INFORMATION PROVIDED below:

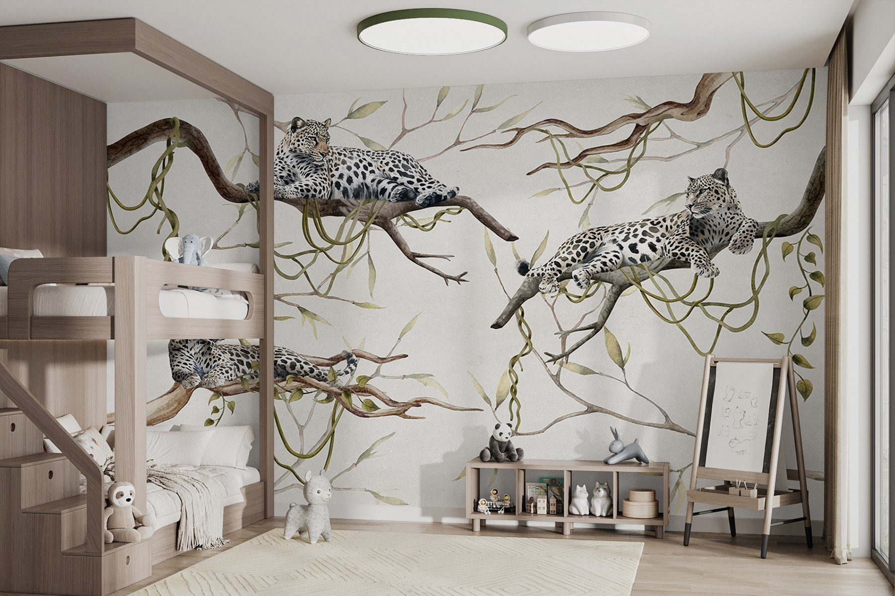 Premeňte svoj priestor na divokú oázu s touto ohromujúcou nástennou maľbou, na ktorej je skupina leopardov ležiacich na konároch. Predstavte si, že vstúpite do miestnosti a pocítite, ako vás obklopuje esencia prírody – tie nenútené vzory škvŕn a elegantné pózy jednoducho upútajú pozornosť. Ideálne pre miesto, ktoré potrebuje trochu oživiť, alebo možno vyvolať závisť na vašom najbližšom stretnutí knižného klubu. Je to ako mať kúsok džungle doma, bez komárov. A kto by sa nechcel prebudiť vedľa takých majestátnych tvorov? Je to všetko o tej harmonickej atmosfére, však?
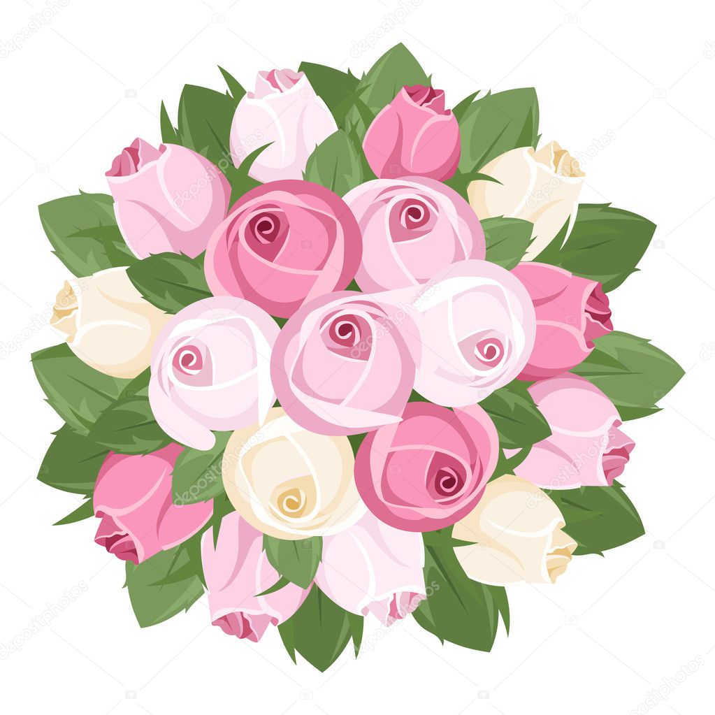 White rose bud bouquet Bouquet of pink and white rose buds. Vector
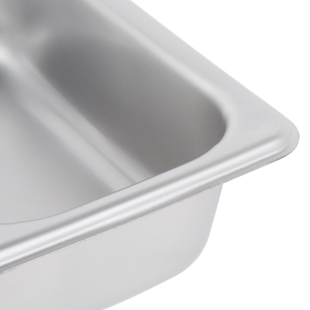 Perfect for any high-volume restaurant, cafeteria, dining hall, or catering business, this pan is built to last through heavy commercial use. Use this pan to save money in your commercial establishment as it holds and transports food from your kitchen to off-site locations, or use it to present food in your restaurant’s front-of-house serving area. The dent and ding resistant construction of this Vigor steam table pan makes it a powerful and performance-driven addition. From hotels to buffets, this 1/9 size pan is large enough to hold 0.6 qt of your signature entrees, casseroles, and salads.

End of INFORMATION PROVIDED.

Drop the pictures and copy the data exactly.

_ANSWER SPACE_
 Premeňte svoj priestor na divokú oázu s touto ohromujúcou nástennou maľbou, na ktorej je skupina leopardov ležiacich na konároch. Predstavte si, že vstúpite do miestnosti a pocítite, ako vás obklopuje esencia prírody – tie nenútené vzory škvŕn a elegantné pózy jednoducho upútajú pozornosť. Ideálne pre miesto, ktoré potrebuje trochu oživiť, alebo možno vyvolať závisť na vašom najbližšom stretnutí knižného klubu. Je to ako mať kúsok džungle doma, bez komárov. A kto by sa nechcel prebudiť vedľa takých majestátnych tvorov? Je to všetko o tej harmonickej atmosfére, však?
 White rose bud bouquet Bouquet of pink and white rose buds. Vector
 Perfect for any high-volume restaurant, cafeteria, dining hall, or catering business, this pan is built to last through heavy commercial use. Use this pan to save money in your commercial establishment as it holds and transports food from your kitchen to off-site locations, or use it to present food in your restaurant’s front-of-house serving area. The dent and ding resistant construction of this Vigor steam table pan makes it a powerful and performance-driven addition. From hotels to buffets, this 1/9 size pan is large enough to hold 0.6 qt of your signature entrees, casseroles, and salads.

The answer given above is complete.